● **TASK INSTRUCTIONS**
The answer is a stretch of the material below, returned exactly: the line containing "Смеситель для кухонной", the line containing "BEAU NÉGATIF STÉRÉO", and all lines between.

● **MATERIAL SHOWN**
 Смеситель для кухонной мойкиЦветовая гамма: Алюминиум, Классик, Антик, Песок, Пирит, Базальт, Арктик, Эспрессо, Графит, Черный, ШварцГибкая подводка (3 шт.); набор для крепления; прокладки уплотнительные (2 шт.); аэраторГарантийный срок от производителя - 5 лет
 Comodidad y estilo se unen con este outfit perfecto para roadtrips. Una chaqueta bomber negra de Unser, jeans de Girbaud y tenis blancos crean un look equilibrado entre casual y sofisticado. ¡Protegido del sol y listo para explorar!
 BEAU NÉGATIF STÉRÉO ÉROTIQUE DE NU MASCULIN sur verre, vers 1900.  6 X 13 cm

--

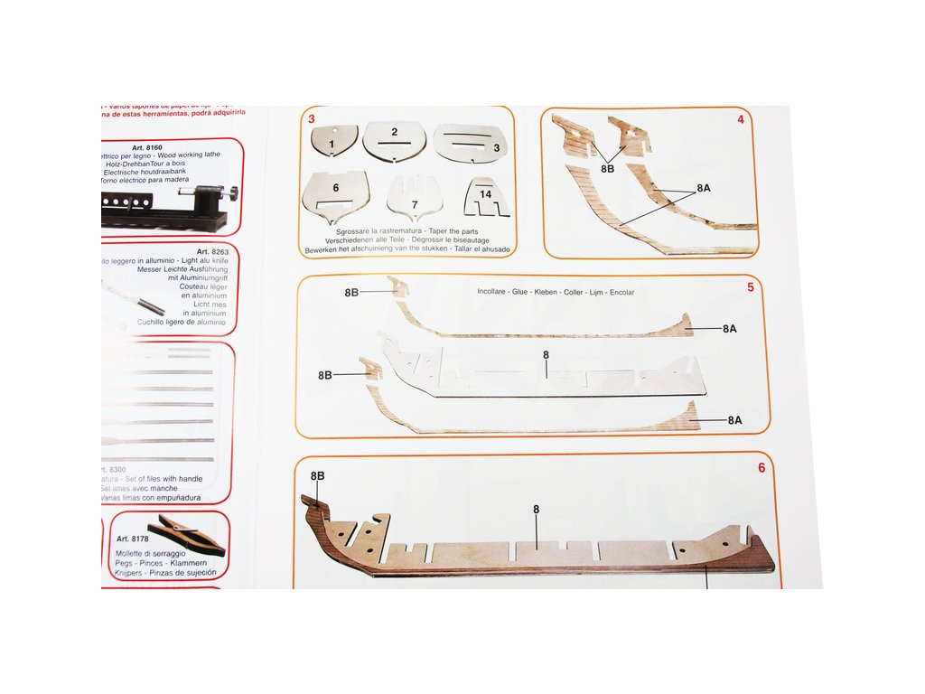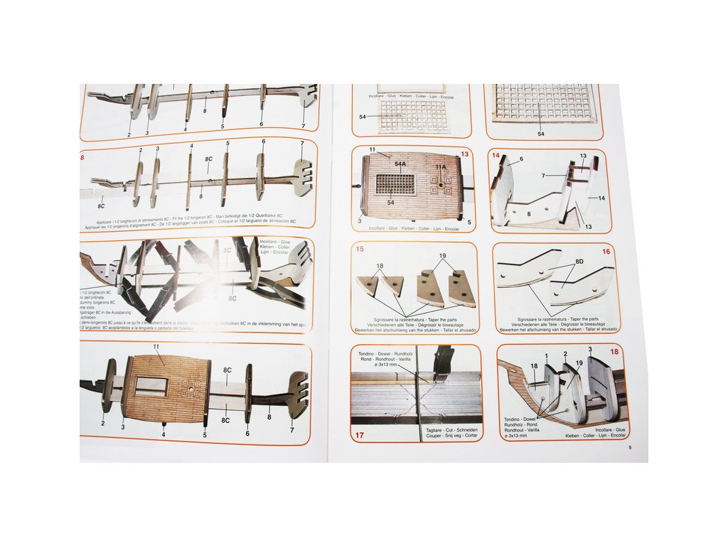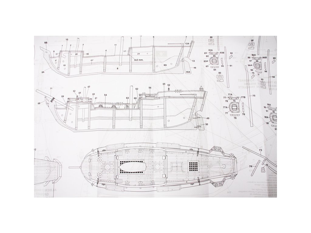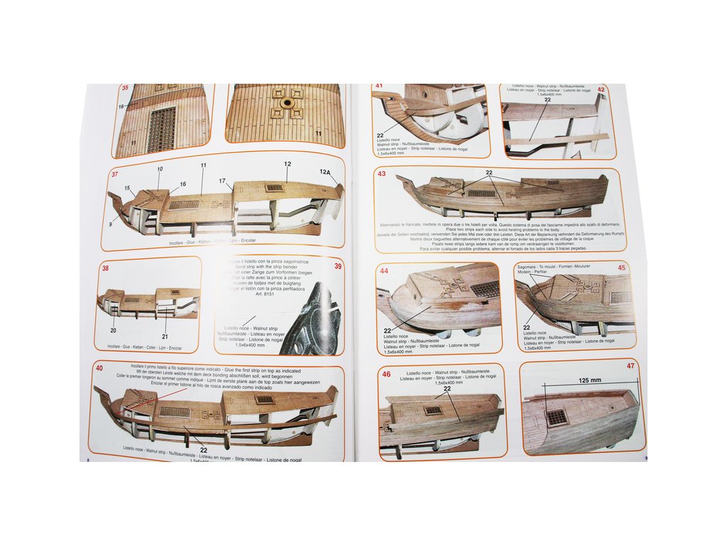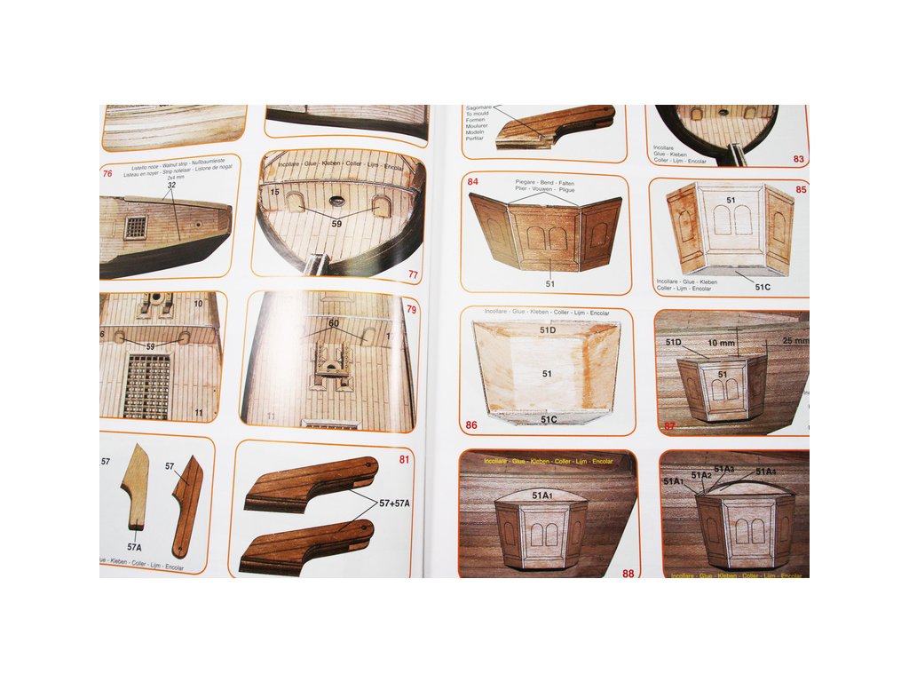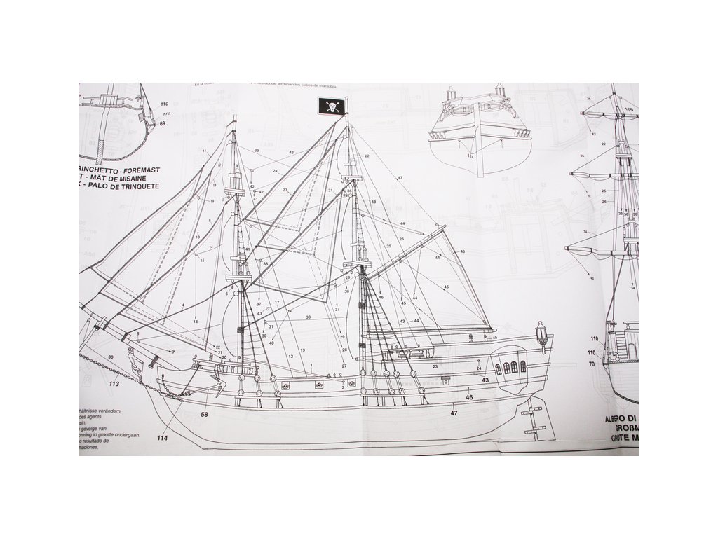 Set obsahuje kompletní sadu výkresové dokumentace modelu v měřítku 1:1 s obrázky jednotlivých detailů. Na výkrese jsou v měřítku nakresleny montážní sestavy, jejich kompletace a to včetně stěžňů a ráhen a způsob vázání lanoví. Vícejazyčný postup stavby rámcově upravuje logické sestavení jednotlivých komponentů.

==

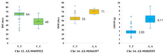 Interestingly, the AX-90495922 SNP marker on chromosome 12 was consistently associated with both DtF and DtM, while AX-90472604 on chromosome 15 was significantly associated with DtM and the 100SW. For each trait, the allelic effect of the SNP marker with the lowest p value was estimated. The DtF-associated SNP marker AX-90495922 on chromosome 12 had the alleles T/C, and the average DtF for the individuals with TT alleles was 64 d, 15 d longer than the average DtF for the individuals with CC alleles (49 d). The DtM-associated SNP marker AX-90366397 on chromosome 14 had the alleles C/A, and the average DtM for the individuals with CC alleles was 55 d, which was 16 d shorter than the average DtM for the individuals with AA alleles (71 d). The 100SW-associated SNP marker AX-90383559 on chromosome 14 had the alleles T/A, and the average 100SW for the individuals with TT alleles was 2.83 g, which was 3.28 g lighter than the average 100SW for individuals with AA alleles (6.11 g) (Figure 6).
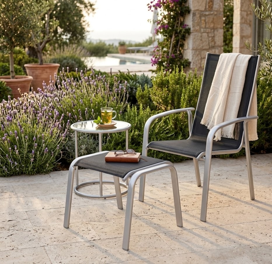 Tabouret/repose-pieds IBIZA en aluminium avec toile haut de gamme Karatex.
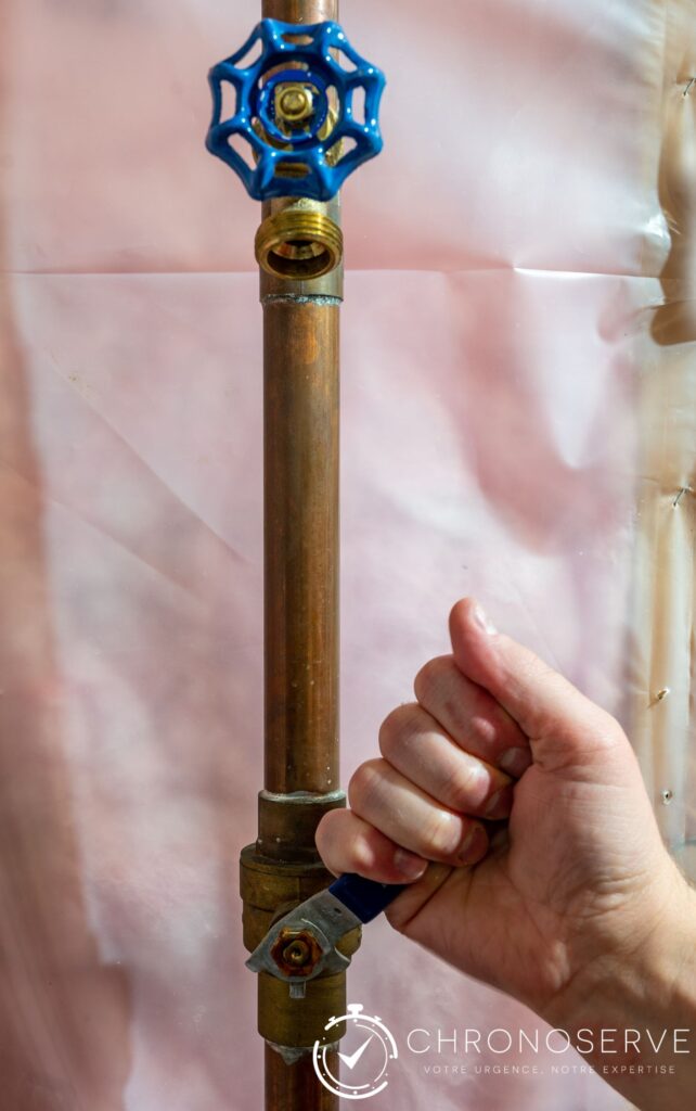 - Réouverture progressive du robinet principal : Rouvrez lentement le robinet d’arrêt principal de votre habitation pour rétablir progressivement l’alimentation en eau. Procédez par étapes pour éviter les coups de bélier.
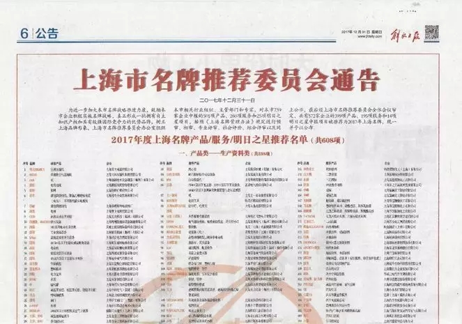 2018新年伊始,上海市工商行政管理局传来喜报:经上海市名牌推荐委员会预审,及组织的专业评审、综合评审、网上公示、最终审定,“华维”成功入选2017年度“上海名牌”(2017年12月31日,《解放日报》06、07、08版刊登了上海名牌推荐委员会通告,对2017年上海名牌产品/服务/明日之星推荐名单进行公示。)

● **THE ANSWER**
 Смеситель для кухонной мойкиЦветовая гамма: Алюминиум, Классик, Антик, Песок, Пирит, Базальт, Арктик, Эспрессо, Графит, Черный, ШварцГибкая подводка (3 шт.); набор для крепления; прокладки уплотнительные (2 шт.); аэраторГарантийный срок от производителя - 5 лет
 Comodidad y estilo se unen con este outfit perfecto para roadtrips. Una chaqueta bomber negra de Unser, jeans de Girbaud y tenis blancos crean un look equilibrado entre casual y sofisticado. ¡Protegido del sol y listo para explorar!
 BEAU NÉGATIF STÉRÉO ÉROTIQUE DE NU MASCULIN sur verre, vers 1900.  6 X 13 cm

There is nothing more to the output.